**PROBLEM TO SOLVE**
From the material below, please set down exactly the lines starting with the one with "un vol long-courrier." and going on through the one with "08. | 2012 |", without a single picture.
--- SUPPLIED RECORDS ---
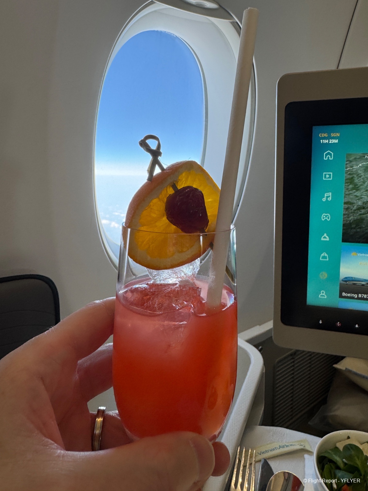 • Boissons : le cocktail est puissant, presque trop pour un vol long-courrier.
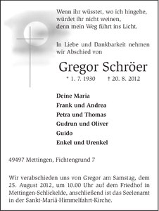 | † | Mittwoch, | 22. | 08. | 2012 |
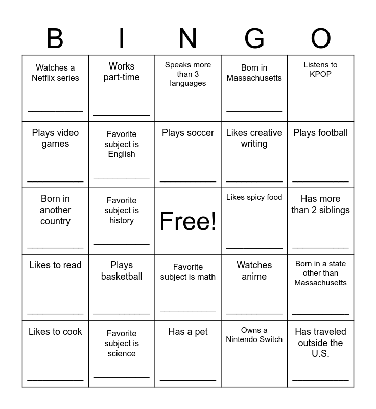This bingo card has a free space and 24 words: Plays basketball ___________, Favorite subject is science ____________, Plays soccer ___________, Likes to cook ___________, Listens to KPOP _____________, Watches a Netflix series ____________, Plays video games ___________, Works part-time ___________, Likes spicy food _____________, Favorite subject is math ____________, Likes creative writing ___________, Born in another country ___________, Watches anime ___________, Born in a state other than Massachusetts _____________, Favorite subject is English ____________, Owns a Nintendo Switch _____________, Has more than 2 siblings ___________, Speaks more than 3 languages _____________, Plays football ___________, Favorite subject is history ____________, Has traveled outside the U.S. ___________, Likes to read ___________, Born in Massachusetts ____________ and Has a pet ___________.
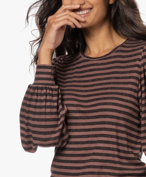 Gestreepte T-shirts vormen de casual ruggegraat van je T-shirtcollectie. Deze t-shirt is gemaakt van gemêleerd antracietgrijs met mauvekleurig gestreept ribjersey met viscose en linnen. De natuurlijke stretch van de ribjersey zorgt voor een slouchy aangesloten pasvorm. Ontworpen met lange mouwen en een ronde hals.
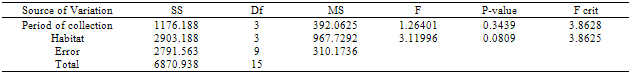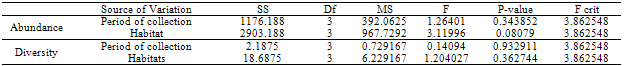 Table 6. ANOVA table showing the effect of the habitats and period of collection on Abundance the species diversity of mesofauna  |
---
--- SUPPLIED RECORDS ---
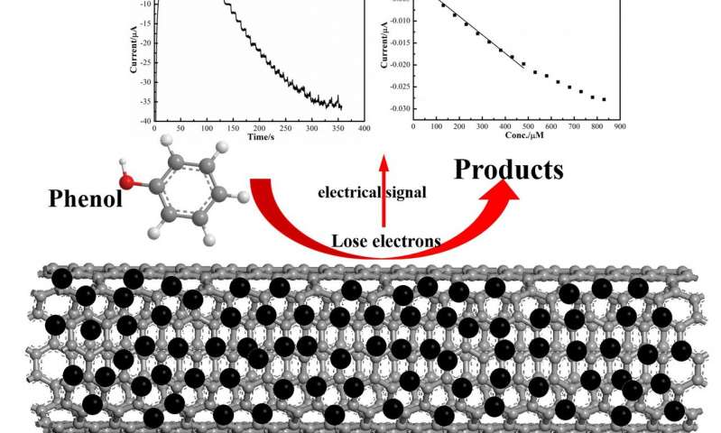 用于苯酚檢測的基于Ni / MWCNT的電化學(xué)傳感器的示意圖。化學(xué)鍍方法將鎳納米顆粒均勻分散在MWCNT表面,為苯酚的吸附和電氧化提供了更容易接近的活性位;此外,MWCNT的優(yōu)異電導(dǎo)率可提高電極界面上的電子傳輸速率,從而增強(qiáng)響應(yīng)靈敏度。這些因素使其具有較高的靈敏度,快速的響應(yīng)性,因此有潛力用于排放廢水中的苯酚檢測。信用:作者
---
**RESULT**
 • Boissons : le cocktail est puissant, presque trop pour un vol long-courrier.
 | † | Mittwoch, | 22. | 08. | 2012 |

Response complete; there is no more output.